*What you will do*:
The lines to repeat are those below from the one containing "No, an eagle" down to the one containing "Wilson's snipe by Ron Austing", both included; reproduce them exactly and nothing else.

[[ Source information open ]]

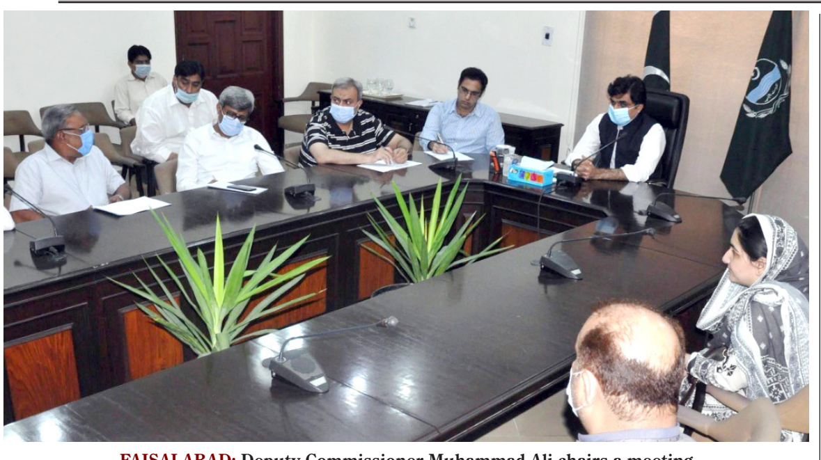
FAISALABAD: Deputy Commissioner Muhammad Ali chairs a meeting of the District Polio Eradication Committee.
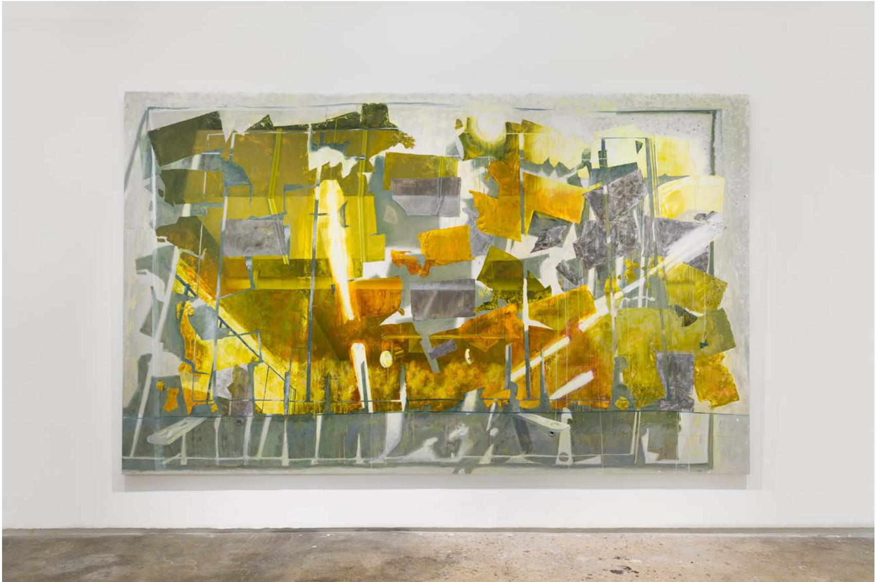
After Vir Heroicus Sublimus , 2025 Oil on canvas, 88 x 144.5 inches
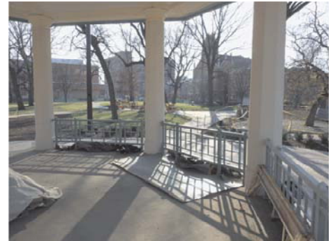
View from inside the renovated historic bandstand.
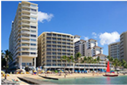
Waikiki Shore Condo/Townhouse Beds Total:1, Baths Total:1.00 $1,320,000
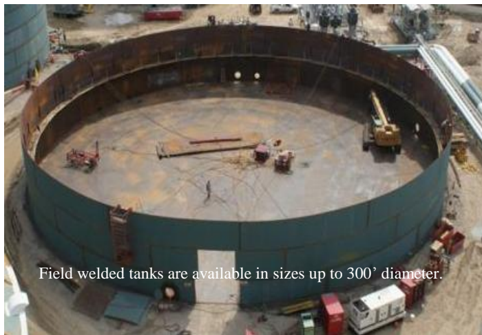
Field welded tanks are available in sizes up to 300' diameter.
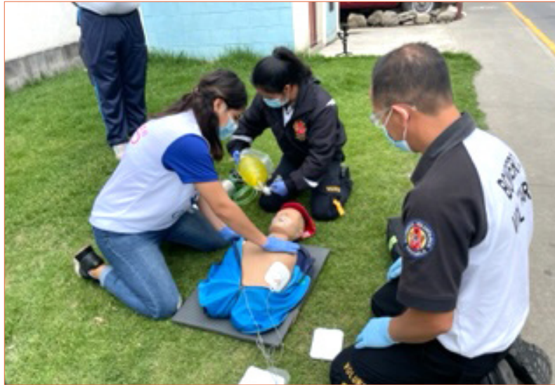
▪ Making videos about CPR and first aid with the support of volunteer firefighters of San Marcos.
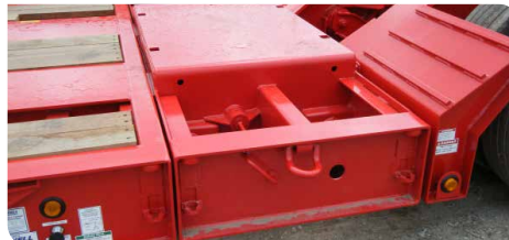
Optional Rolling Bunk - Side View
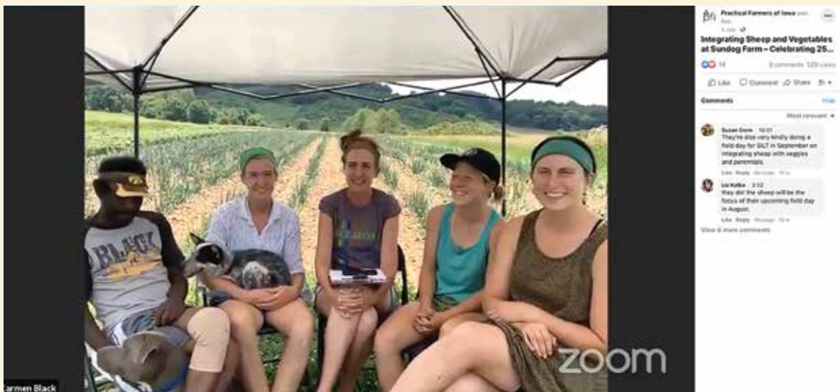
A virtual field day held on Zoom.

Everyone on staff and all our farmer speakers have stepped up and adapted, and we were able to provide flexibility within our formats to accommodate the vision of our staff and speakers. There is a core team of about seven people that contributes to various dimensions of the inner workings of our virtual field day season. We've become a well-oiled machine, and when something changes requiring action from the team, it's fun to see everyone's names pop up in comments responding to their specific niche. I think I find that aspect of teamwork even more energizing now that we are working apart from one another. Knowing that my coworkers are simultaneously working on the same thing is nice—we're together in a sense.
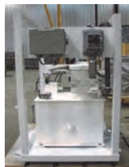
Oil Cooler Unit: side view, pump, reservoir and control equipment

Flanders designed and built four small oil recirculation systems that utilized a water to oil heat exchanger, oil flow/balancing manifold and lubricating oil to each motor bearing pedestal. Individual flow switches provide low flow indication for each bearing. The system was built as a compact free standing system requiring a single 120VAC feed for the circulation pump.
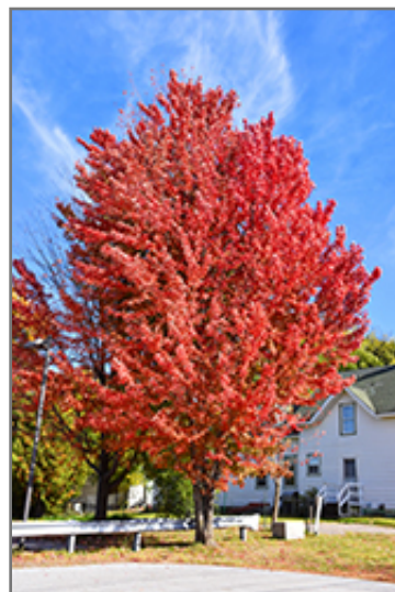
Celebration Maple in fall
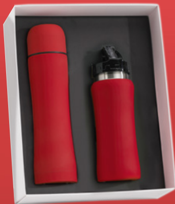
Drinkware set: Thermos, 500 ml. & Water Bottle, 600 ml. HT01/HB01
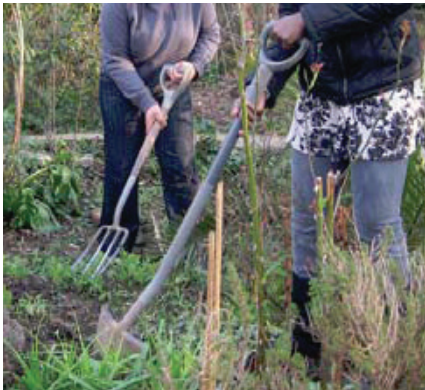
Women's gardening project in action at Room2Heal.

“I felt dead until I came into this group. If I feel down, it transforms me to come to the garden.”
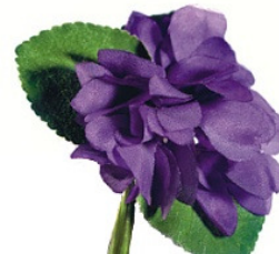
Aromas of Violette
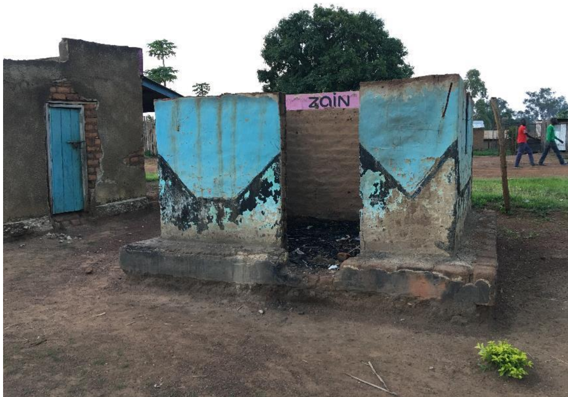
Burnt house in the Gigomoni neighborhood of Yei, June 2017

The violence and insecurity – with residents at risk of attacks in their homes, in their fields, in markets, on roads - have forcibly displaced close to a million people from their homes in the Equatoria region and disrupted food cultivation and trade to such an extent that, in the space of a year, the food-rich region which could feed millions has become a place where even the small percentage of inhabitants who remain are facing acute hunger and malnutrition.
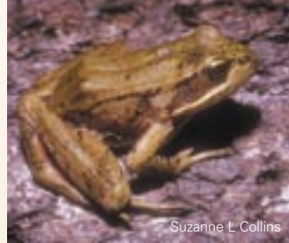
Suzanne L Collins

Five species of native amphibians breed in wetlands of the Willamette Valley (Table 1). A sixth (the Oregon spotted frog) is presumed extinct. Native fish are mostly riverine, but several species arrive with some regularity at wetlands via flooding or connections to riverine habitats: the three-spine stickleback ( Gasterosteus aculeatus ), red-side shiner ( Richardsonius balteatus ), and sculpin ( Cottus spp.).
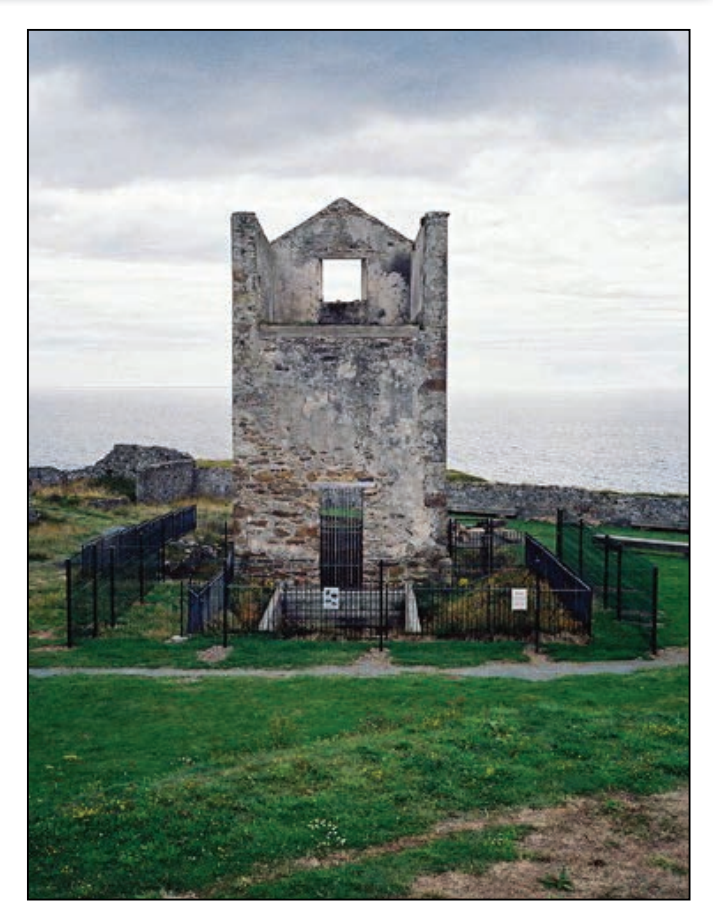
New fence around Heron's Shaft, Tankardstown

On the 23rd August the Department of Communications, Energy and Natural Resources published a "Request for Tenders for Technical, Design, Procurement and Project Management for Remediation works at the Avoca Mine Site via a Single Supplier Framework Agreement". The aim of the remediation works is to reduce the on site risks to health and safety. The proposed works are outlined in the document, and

[[ Source information closed ]]
[[ Source information open ]]

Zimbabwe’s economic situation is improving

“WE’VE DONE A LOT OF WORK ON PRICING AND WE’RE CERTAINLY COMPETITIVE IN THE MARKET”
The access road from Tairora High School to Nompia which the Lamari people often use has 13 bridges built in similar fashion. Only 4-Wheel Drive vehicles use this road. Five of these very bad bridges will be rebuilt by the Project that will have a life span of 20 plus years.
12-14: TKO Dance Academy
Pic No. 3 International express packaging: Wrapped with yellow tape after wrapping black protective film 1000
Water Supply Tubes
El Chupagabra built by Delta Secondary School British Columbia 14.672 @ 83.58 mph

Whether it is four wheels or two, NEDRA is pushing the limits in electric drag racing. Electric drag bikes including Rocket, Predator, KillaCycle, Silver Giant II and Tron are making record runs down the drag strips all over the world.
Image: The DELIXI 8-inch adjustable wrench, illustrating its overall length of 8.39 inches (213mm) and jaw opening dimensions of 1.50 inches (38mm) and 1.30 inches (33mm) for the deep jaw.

[[ Source information closed ]]
[[ Source information open ]]

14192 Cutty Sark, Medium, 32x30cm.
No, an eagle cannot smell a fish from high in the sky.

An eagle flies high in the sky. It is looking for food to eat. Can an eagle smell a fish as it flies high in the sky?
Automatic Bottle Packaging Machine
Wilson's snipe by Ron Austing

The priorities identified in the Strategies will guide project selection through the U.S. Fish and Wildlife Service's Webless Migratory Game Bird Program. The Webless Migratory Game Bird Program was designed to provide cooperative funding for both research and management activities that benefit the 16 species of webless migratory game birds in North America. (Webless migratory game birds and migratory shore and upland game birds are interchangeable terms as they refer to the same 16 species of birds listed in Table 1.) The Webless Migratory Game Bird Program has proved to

[[ Source information closed ]]

*Finished exercise*:
No, an eagle cannot smell a fish from high in the sky.

An eagle flies high in the sky. It is looking for food to eat. Can an eagle smell a fish as it flies high in the sky?
Automatic Bottle Packaging Machine
Wilson's snipe by Ron Austing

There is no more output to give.